THE TASK -> Repeat only the stretch of lines below that runs from the line with "Blouse type: Klassieke" through the line with "Handkerchief with Plaid", unaltered.

EXTRACTED DATA ->
= Beginning of Section =

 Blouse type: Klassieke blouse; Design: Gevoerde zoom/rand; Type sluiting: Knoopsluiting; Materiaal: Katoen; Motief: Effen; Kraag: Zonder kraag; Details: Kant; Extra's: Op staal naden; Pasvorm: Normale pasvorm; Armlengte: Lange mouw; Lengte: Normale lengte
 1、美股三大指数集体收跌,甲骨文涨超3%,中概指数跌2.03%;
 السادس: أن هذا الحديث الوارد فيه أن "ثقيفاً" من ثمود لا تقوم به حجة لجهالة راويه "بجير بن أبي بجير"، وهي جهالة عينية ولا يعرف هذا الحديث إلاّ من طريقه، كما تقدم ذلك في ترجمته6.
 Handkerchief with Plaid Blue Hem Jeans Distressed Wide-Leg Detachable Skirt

= End of Section =
= Beginning of Section =

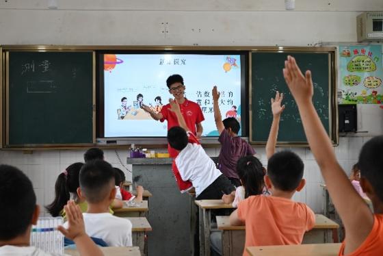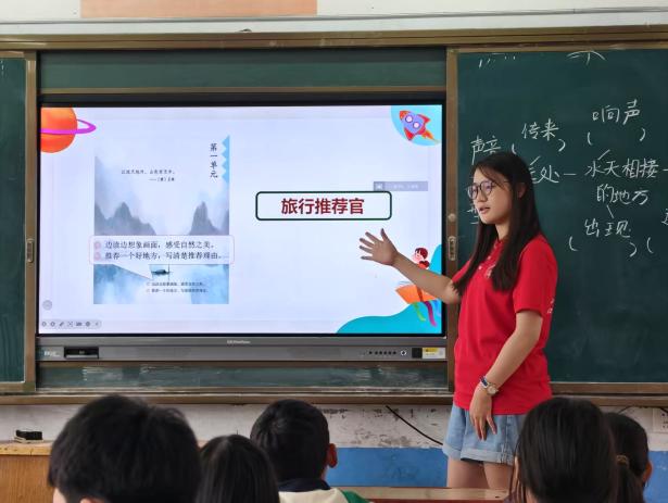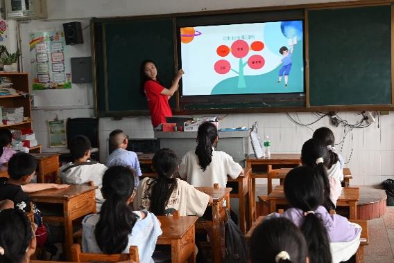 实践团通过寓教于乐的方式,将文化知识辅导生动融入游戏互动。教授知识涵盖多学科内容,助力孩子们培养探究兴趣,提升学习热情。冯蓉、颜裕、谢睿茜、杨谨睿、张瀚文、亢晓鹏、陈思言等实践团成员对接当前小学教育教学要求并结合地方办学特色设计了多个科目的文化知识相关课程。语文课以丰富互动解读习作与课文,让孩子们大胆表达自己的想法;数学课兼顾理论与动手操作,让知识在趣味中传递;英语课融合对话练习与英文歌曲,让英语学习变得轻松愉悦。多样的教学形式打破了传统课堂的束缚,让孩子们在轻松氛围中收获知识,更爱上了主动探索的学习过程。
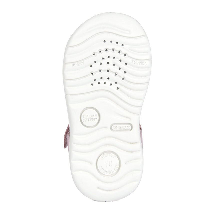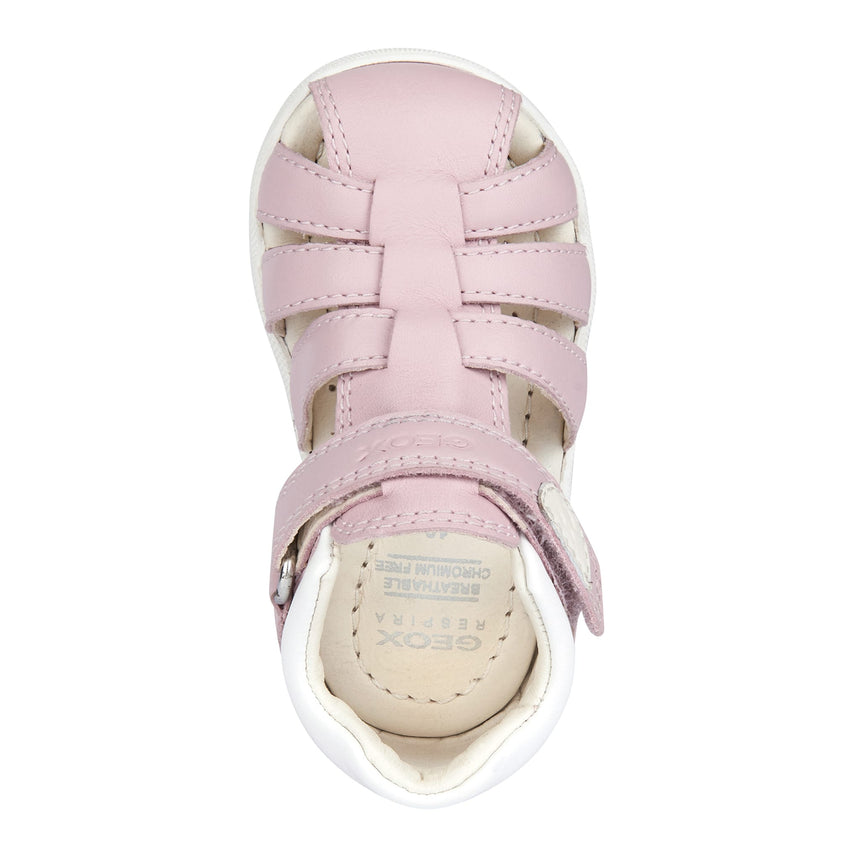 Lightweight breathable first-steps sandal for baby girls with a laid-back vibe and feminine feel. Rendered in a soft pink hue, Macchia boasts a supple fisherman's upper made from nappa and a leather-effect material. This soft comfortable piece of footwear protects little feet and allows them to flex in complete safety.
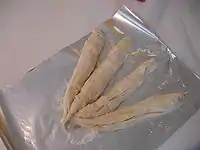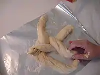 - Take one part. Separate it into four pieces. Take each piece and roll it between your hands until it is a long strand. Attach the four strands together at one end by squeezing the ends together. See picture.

= End of Section =

TASK SOLUTION ->
 Blouse type: Klassieke blouse; Design: Gevoerde zoom/rand; Type sluiting: Knoopsluiting; Materiaal: Katoen; Motief: Effen; Kraag: Zonder kraag; Details: Kant; Extra's: Op staal naden; Pasvorm: Normale pasvorm; Armlengte: Lange mouw; Lengte: Normale lengte
 1、美股三大指数集体收跌,甲骨文涨超3%,中概指数跌2.03%;
 السادس: أن هذا الحديث الوارد فيه أن "ثقيفاً" من ثمود لا تقوم به حجة لجهالة راويه "بجير بن أبي بجير"، وهي جهالة عينية ولا يعرف هذا الحديث إلاّ من طريقه، كما تقدم ذلك في ترجمته6.
 Handkerchief with Plaid Blue Hem Jeans Distressed Wide-Leg Detachable Skirt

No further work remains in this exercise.